As things get more complex with an immense amount of devices talking to each other depending and exchanging information, accurate time synchronization between devices is crucial.
When we started making terminal servers in the late 70’s, there was not even a real time clock to derive a time stamp to use when recording data.
As time progressed, logs and logging became more important, recording the information with some kind of crude time stamp was good enough. After all, it only mattered to the single unit that you were working on locally.
In later years, these files were being dumped into SYSLOG, the format of the time became more important. Then devices started dumping huge amounts of information into programs like Splunk where the date/time, time zones and daylight savings flags matter to build a better picture of what’s happening across your entire enterprise. With thousands of devices, all at different locations, getting the date/time, time zones and daylight saving flags consistent and synchronized becomes not only important, but required.
I have asked many people on how a unit should be initially setup, Local time or UTC (not to be confused or interchanged with GMT).
The answer was a little surprising. I would have thought that UTC would be a unanimous answer, but a lot of people chose local time. The over whelming answer to “why” was predictable. It was easier for the human at the location of the unit looking through the data to align the time zone of an event without having to do any conversion from UTC to local time.

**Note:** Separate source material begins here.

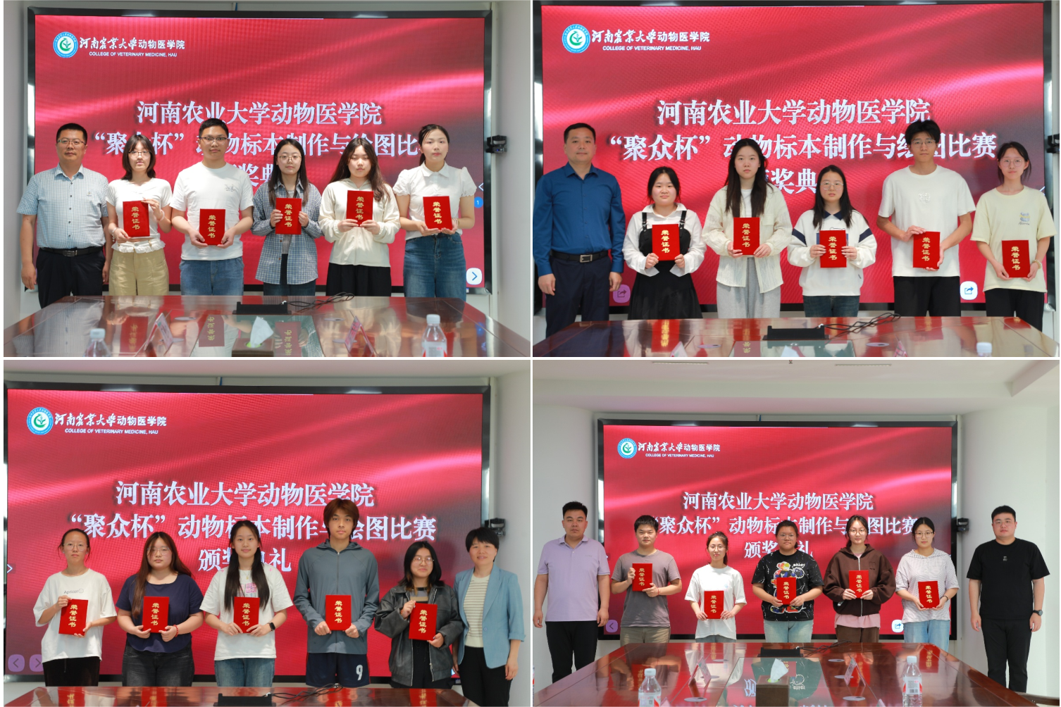 于龙子湖校区第一实验楼北430会议室隆重举行“聚众杯”动物标本制作与绘图比赛表彰大会。山东聚众数字医学科技开发有限公司董事长郑彬龙、院党委副书记杜家方、院基础兽医系主任商艳红、院基础兽医系教师金鑫、院辅导员毛梓丞、毋亚运出席本次大会,获奖学生代表参加。大会由毋亚运主持。
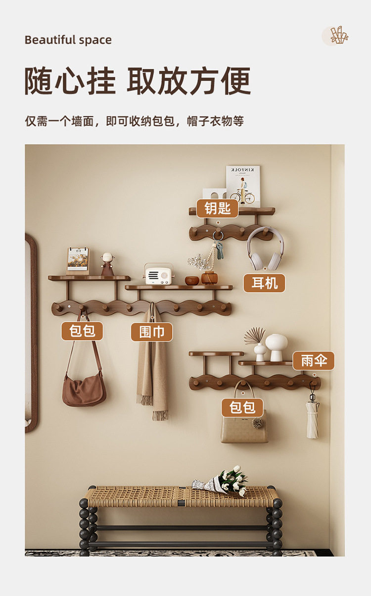 Entrance Hanger Wall Wall Hanging Entry Door Key Bag Storage Clothes Hook Bedroom Door Rear Wave Coat Rack

Directly clashing with letting machines compile and help you sort that immense amount of data from multiple sources.
I know that the machines can take all the different sources, from all the locations around the world and normalized them, but if a machine was not set with the correct time zone or the daylight savings profile is old, there could be skewed data ruining any collected data scattered across multiple locations.
Time may be an afterthought, but with your collection of data scattered across the globe, it may be worth taking a few minutes to solidify your event collection. Waiting until a problem occurs is a terrible time to realize any discrepancies.
With Cisco Live 2023 in Las Vegas coming up, I can’t wait to continue my research.